Sculptures could detract from Hart Park performance pavilion, groups worry

Proposed placement might be city's least costly option

Nov. 2, 2011

The group that donated the performance stage in Hart Park has a problem with plans to move six sculptures near it.

Rich Mannisto, president of the Wauwatosa Rotary Club, sent a letter to members of the Common Council and Park and Forestry Board, voicing the club's opposition to placing the artwork in the triangle just west of the Rotary Performance Pavilion.

"The members are excited about the artwork being considered for placement in Hart Park, but not in the triangle west of the stage," he wrote. "After consulting with several local artists, the placement of the six sculptures would be best suited for other areas of the park, namely a much larger tract of land, for their display."

He said the abstract sculptures - they range in size from 3 to 10 feet tall - would interfere with aesthetics and crowd the area.

The board of Tosa Tonight, which holds its concert series at the stage, has similar reservations.

"While the board members are all committed to continually growing art and culture in the Wauwatosa Village, we share the opinion with the Rotary that the proximity to the stage will prove to be a distraction from the intended aesthetic of the Rotary Performance Pavilion and potentially interfere with normal operations of our summer concert series," Executive Director Rick Bauer said.

Discussion about placement of the sculptures remains open, but with the concrete contractors working on the nearby playground, there are savings to be realized by putting down the bases for the sculptures in that area now, Mayor Jill Didier said.

The Rotary's concern has been added to the Parks Board agenda for a meeting later this month, President Tom Ertel said.

The club has no authority when it comes to the stage, because it was donated to the city. However, Didier would like to see all parties happy with the placement of the artwork.

"Our goal is to work to an amenable end, so everyone can appreciate the artwork," she said. "Hart Park has become a focal point for the arts and recreation in this community."

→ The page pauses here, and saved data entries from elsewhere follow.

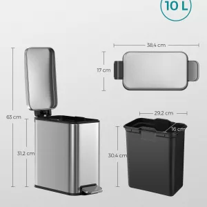 Este cubo de basura para baño de 10 litros es la solución perfecta para mantener tu baño limpio y libre de desorden. Diseñado con un perfil delgado de 38,4 x 17 x 35 cm, se adapta perfectamente a espacios pequeños, ofreciendo una gran capacidad sin ocupar demasiado espacio en el suelo. Fabricado en acero resistente al óxido, este cubo es ideal para cuartos de baño húmedos, garantizando que el interior permanezca seco y libre de olores.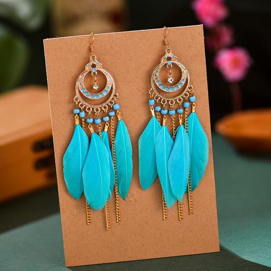 1 Pair Women Dangle Earrings Bohemia Style Ethnic Synthetic Feather Exquisite Lady Dangle Earrings Banquet Jewelry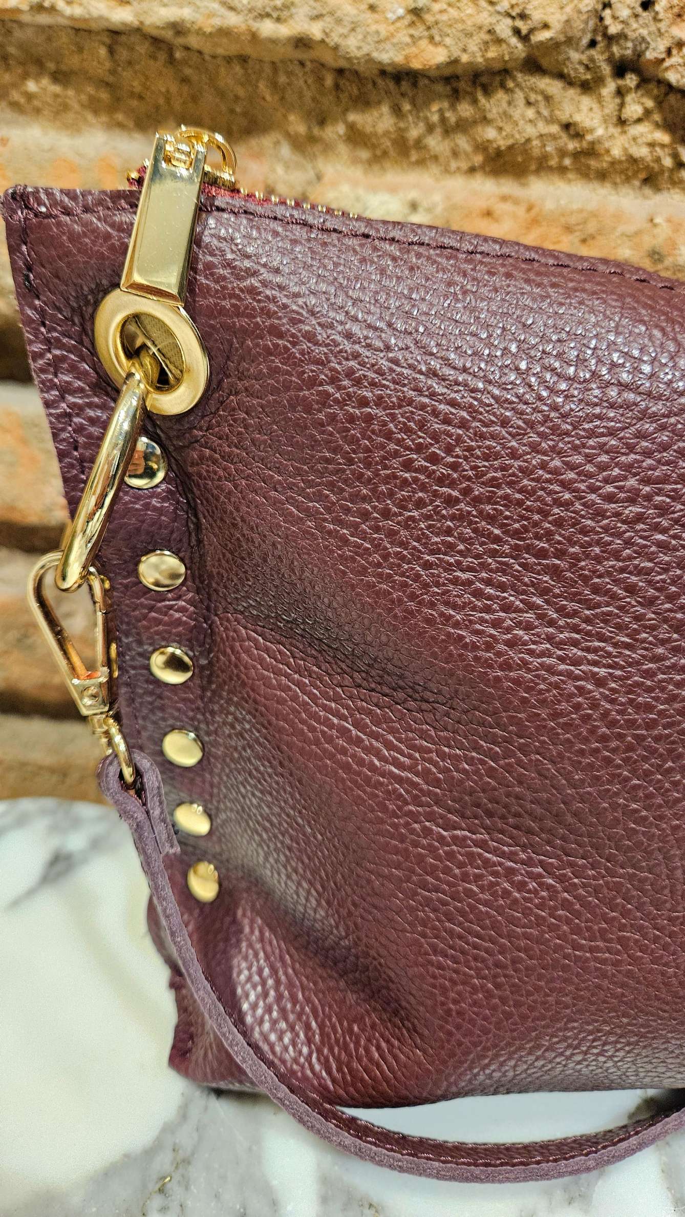 Bolso piel anilla tachuelas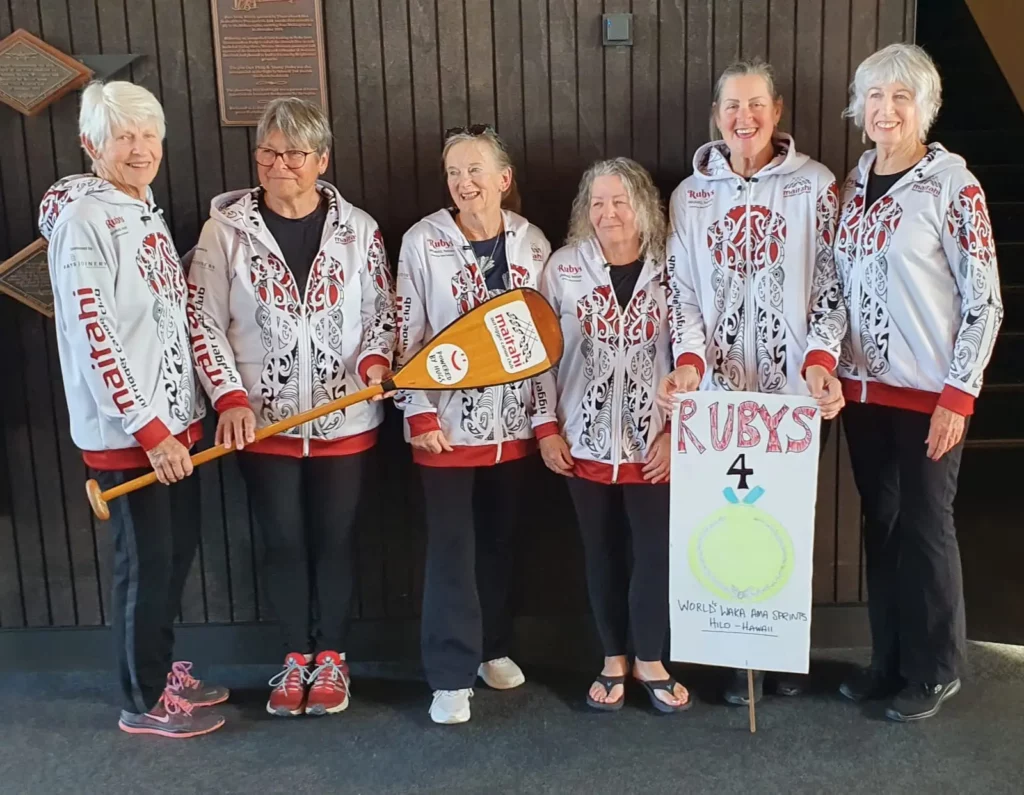 Yesterday we had a plan but that was disrupted by the rain. we ended up doing some exercises at home and were going to go to Ken’s Pancake House for lunch. However, the call came thru’ that they wanted crews to help take the Matahina waka from the Port to the beach. Of course we put our hands up. We raced over. Because we had 2 steerers and 6 paddlers we got to take over 2 waka. It was great to get out on the bay and feel the water which is so different from ours. It meant we didn’t get lunch until 3:30pm when we went to Ken’s Pancake House where the panckes are the size of dinner plates.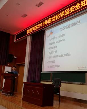 4月25日上午,学院邀请化学与分子科学学院黄驰教授面向全院研究生进行2019年危险化学品安全知识专题培训。此次培训是进一步增加我院学生危险化学品安全知识储备、增强各实验室危险化学品安全防护意识、推动各实验室落实危险化学品规范化管理的重要举措。学院党委副书记张一飞、副院长李利华出席培训活动。

The biggest issue also goes to the heart of why it has taken so long to find a new home for the sculptures. Under the federal Visual Artists Rights Act, a living artist has control over the placement and treatment of their works. Didier has been working with artist Richard Taylor and other interested parties to find a permanent home for the pieces that everyone agrees on.

Next step

WHAT: The Parks and Forestry Board will discuss opposition by the Wauwatosa Rotary Club to place six sculptures near the performance stage

WHEN: 7:30 a.m. Nov. 15

WHERE: Muellner Building in Hart Park, 7300 Chestnut St.